What data-driven football can teach us about a successful investment

“Hell yeah! That was Lamar Jackson’s response when coach John Harbaugh asked him, “Do you want to go? In fourth in the dying seconds of their most recent clash with the Kansas City Chiefs, led by consensus best quarterback Patrick Mahomes. But despite the question, the action plan was never in doubt. The Ravens were going for fourth and one because they are one of the many teams applying a more analytical approach to the sport of football.

I know, I know … as soon as you start reading this you’re going to speculate that I’m just using this post as an excuse to extend the post-game celebration after the Ravens weathered a host of headwinds at improbably beat the anointed chiefs of Kansas City. You will think this is an opportunistic justification to boast in the underdog justification, rubbing the noses of Lamar Jackson’s enemies in a bunch of Bermuda grass at the M&T Bank stadium that LJ threw, as he realized victory with a huge fourth surge in the closing seconds of the game.

But it’s not just me, a rabid Raven fan, talking about it; and it’s not just football we’re talking about. Instead, we’re talking math and probability, and as a result, the topic is brought up in unfamiliar lanes of the Monday morning quarterback. This is the type of logic that is used to invest even more than football.
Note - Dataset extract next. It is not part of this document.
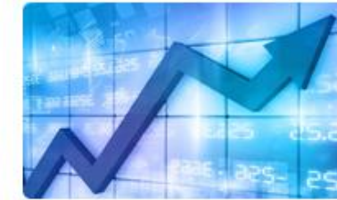
6. Investment Planning การวางแผนการลงทุน

So let’s take a look at the unique analysis that played such a big part in this game, and then I’ll come up with the most important analysis to tackle in pursuing a good investment.

Fourth-and-one

Conventional wisdom in the National Football League suggests that once you hit the fourth down, if you are not within shooting range you should kick the ball towards the opponent, because if you attempt it on the fourth down and if you don’t get that, it’s that much easier for the opposition to score itself.

But the Ravens are one of many teams no longer succumbing to convention or even just educated instinct. They use cold, hard probabilities to make these decisions. According to Next Generation Statistics, Ravens “had a 75% chance of converting on the 4the-and-1 accountant Lamar Jackson at QB.

If they converted, their probability of winning would be 99%. If they failed, their chances of winning dropped to 33%. But if they did a punt, return the ball to Patrick Mahomes? The odds of winning would have been only 58% (and believe me, it seemed much lower at this point in the game). Plug it all into the NGS calculator, and this is what you get for the “expected probability of winning”:

Go for it: 82.4%

Flat: 57.6%

Go ahead, they did. And win, they gloriously did.

Analytical investment

There are many analyzes we can consider regarding investing, often referred to as quantitative, premium, factor, or factor-based investing. Hordes were identified, and a much smaller number were considered persistent enough to merit our attention, such as beta, small, value, profitability, and momentum. But there is one that sits above the rest – and that is the choice to do nothing at all, to stay in the market even when times are tough, instead of trying to get in and out. exit the market at the appropriate time.

Below you’ll see a chart that shows the hypothetical growth of the market, as tracked by the S&P 500, over the past 30 years (and don’t miss the exciting warning *):

To put them in percentage terms, simply investing in the market for the past 30 years has hypothetically yielded an investor an annualized compound return of 10.23%. Not too bad. Missing the single best performing day, the yield drops to 9.84% per annum. That’s 8.60% if you missed the best five days, 6.52% if you missed the best 15 days, and your annualized rate of return drops to 4.88% if you missed (only) the 25 best trading days in the last 30 years! (One month, US Treasuries gave you 2.64%.)

What’s the lesson here? There are many ways to calibrate and improve an investment portfolio. (Here are a few.) But significant as they are, these are marginal improvements over the simple (but not easy) discipline of sticking to your strategy in tough times.

Of course, this assumes that you have an articulate and coherent strategy, and not a set of diverse and diverse investments and strategies that tend to add up over the course of a lifetime.

What’s the other lesson? Go on the fourth and one.

If you have Lamar Jackson.

And you would give it to Patrick Mahomes.

It doesn’t always work (and there’s no guarantee the market will either), but it puts the odds in your favor.

Premium:

So why did Harbaugh ask Jackson if he wanted to go, even though he knew that was the decision he and the offensive coordinator had already made, based on probability? Because, as Daniel Pink taught us in the excellent book, Drive, autonomy is a powerful motivator.

While the Ravens may rely on cold stats to make some decisions, Jackson plays with contagious glee, so by involving him in the decision he enlisted him and gave him confidence – an effervescence that Jackson then has. reach in the group and spread to 10 other players. This decision alone was to further increase the likelihood of a positive result. At the very least, it’s just fun and makes a great story.

Likewise, as financial advisers, we should never be demanding of our clients. We can educate, encourage and coach, but ultimately the decision – and ultimately the outcome – has to be theirs, as they are more likely to stick to the decisions they have made than ours.